Revision as of 17:59, 16 September 2015

Project Results

Transformation Efficiency Kit, RFP construct (iGEM)

Before using our competent E. coli TOP10 cells in the important experiments, we used the Transformation Efficiency Kit to test the efficiency of our competent cells!

The kit includes five vials of each different DNA concentration: 50pg/μl, 20pg/μl, 10pg/μl, 5pg/μl, 0.5pg/μl of purified DNA from BBa_J04450 (RFP construct) in plasmid backbone pSB1C3.

The first test transformation (50 μl of competent cells, 20 μl plated) showed very poor results:

First test transformation of own competent E.coli TOP10 with the iGEM Transformation Efficiency Kit containing RFP

DNA concentration	0.5pg/μl	5pg/μl	10pg/μl	20pg/μl	50pg/μl
# of colonies	0	0	2	0	13
efficiency (cfu)	0	0	3.8x10⁶	0	3.4x10⁶

Results	efficiency
average	1.4x10⁶
weighted	3.5x10⁶

The second test transformation (200 μl of competent cells, 100 μl plated) showed still poor results but we decided to continue working with our cells:

Second test transformation of own competent E.coli TOP10 with the iGEM Transformation Efficiency Kit containing RFP

DNA concentration	0.5pg/μl	5pg/μl	10pg/μl	20pg/μl	50pg/μl
# of colonies	1	13	1	35	28
efficiency (cfu)	8.0x10⁶	1.0x10⁷	4.0x10⁵	7.0x10⁶	2.3x10⁶

Results	efficiency
average	5.6x10⁶
weighted	3.7x10⁶

RFP

RFP

RFP (RFP DsRed) was amplified from pHT315_rfp by PCR (Fig.1). Colonies on a plate were given to us by the Applied and Genomic Microbiology department. Primers contained restriction sites for KpnI and SacI in order to make them compatible for insertion into the multiple cloning site of the pBAD/His A vector. The PCR products were examined in a 0,8% agarose gel by electrophoresis.

Fig.1) A gel of the RFP DsRed PCR product showed the bands to be at the correct height.

After purification of the PCR product it was ligated into pJET1.2 by subcloning (blunt end ligation). This vector serves to clone the fluorescent protein without triggering its activity, which may interact with the expression vector or the chosen E.coli strain.

Ligation into pJET1.2 was followed according to the protocol in the methods collection.
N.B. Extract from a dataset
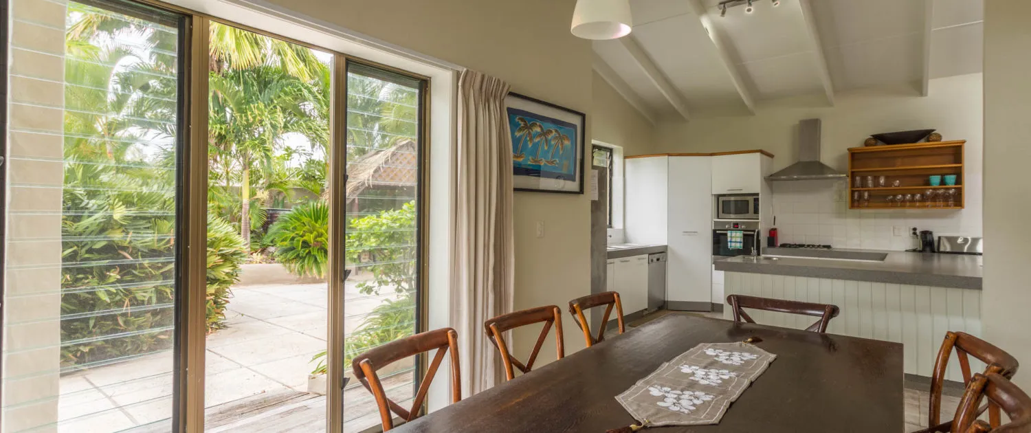 Each air-conditioned bedroom is luxurious, with the main bedroom opening onto the terrace and beach, featuring a full ensuite. The property also includes a fully equipped laundry and covered carport. Insect screens, ceiling fans, and a security safe are provided for added comfort and security.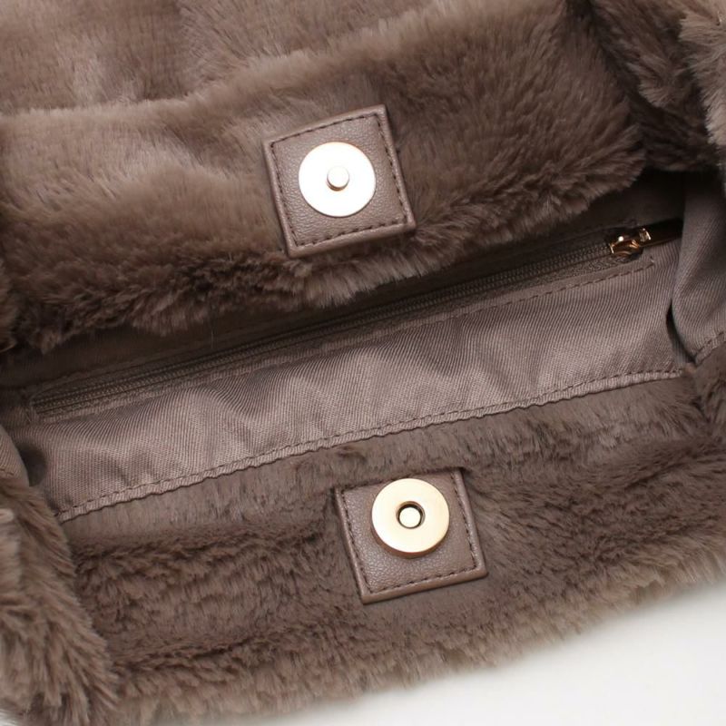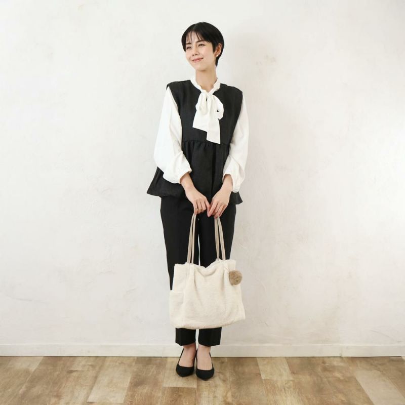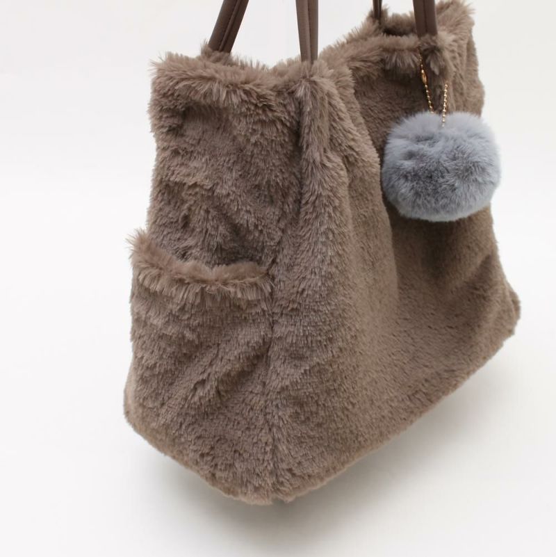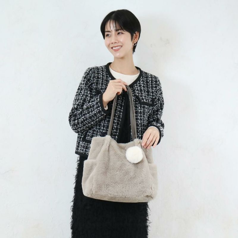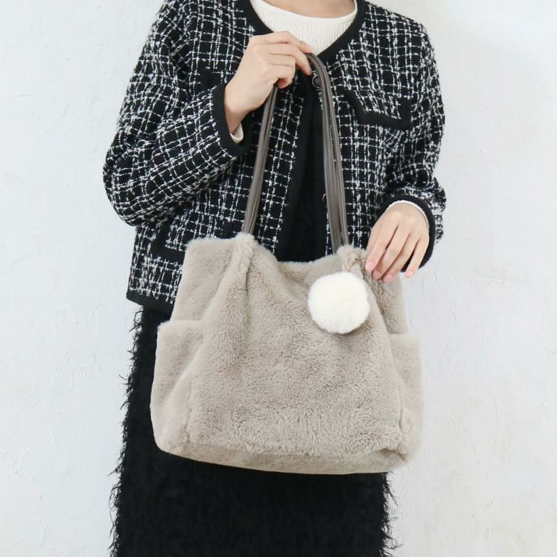 手触りの良いボリューム感のあるファーを使用したタック入りトートです。サイドや内装にもポケットが充実しておりAW素材バッグなのにとても機能的◎取り外し可能なファーポンポンチャームが華やかさをプラスしてくれます。

After over-night incubation colonies were picked, plasmids extracted with the QIAGEN QIAprep Spin Miniprep Kit, restricted with KpnI and SacI and examined in a gel (Fig.2).

Fig.2) Once restriction controls showed the correct bands, both pJET_RFP_3 and pJET_RFP_7 were sent for sequencing by the G2L laboratory.

Sequencing of both samples was correct and proved that RFP_3 and RFP_7 were properly inserted into the pJET vector. We decided to keep on working with pJET_RFP_3. The plasmid was transformed with E.coli TOP10 and E.coli BL21. Cryocultures were frozen for a strain collection.

The next step was a big restriction of the whole plasmid extract with the correspondent pair of restriction enzymes. That allowed us to isolate the RFP inserts carrying the desired restriction sites (KpnI and SacI). The fragments were purified with the PEQLAB peqGOLD Gel Extraction Kit before T4 ligation. The RFP_3 insert was ligated into pBAD/His A by the T4 ligation system (sticky end ligation) according to the protocol in the methods collection and transformed into E.coli TOP10. This vector serves to express the fluorescent protein by triggering its activity.

After over-night incubation colonies were picked, plasmids extracted with the QIAGEN QIAprep Spin Miniprep Kit and restricted with KpnI and SacI.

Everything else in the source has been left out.